START Material for the task

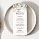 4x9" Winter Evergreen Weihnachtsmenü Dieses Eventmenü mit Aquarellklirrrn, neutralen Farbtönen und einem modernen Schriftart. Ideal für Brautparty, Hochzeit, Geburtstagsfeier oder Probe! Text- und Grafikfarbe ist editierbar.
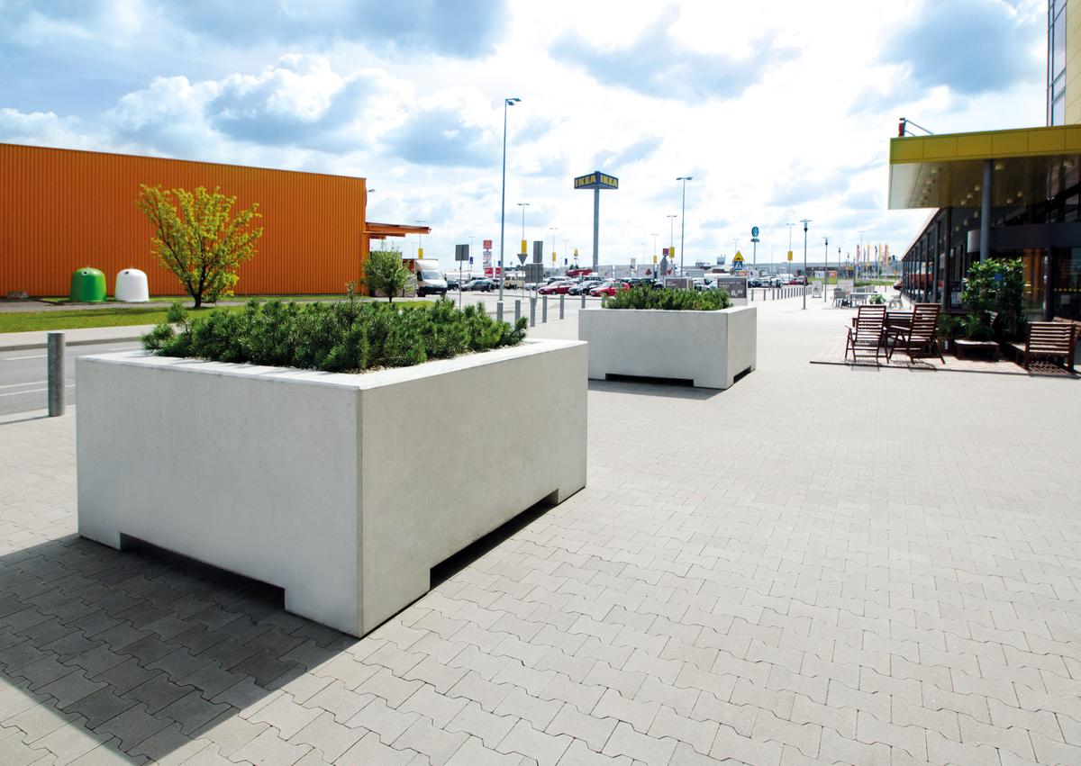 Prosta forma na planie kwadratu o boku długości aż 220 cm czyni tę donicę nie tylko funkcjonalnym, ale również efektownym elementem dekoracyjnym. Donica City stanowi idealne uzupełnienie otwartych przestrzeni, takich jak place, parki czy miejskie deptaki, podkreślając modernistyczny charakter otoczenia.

END Material for the task
START Material for the task

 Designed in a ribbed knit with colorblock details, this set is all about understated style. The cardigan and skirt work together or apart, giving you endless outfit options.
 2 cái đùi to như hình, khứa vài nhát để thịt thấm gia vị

END Material for the task
START Material for the task

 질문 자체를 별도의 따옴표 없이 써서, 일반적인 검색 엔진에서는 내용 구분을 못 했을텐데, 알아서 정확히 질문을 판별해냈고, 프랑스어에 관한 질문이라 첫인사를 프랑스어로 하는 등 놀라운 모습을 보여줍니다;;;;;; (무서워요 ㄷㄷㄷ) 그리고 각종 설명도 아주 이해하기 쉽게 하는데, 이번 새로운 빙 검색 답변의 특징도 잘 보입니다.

END Material for the task

> _What is being asked_
In the listing above, find the line with "Designed in a" and the line with "2 cái đùi to", then reproduce both and every line between them exactly.

> _Task answer_
 Designed in a ribbed knit with colorblock details, this set is all about understated style. The cardigan and skirt work together or apart, giving you endless outfit options.
 2 cái đùi to như hình, khứa vài nhát để thịt thấm gia vị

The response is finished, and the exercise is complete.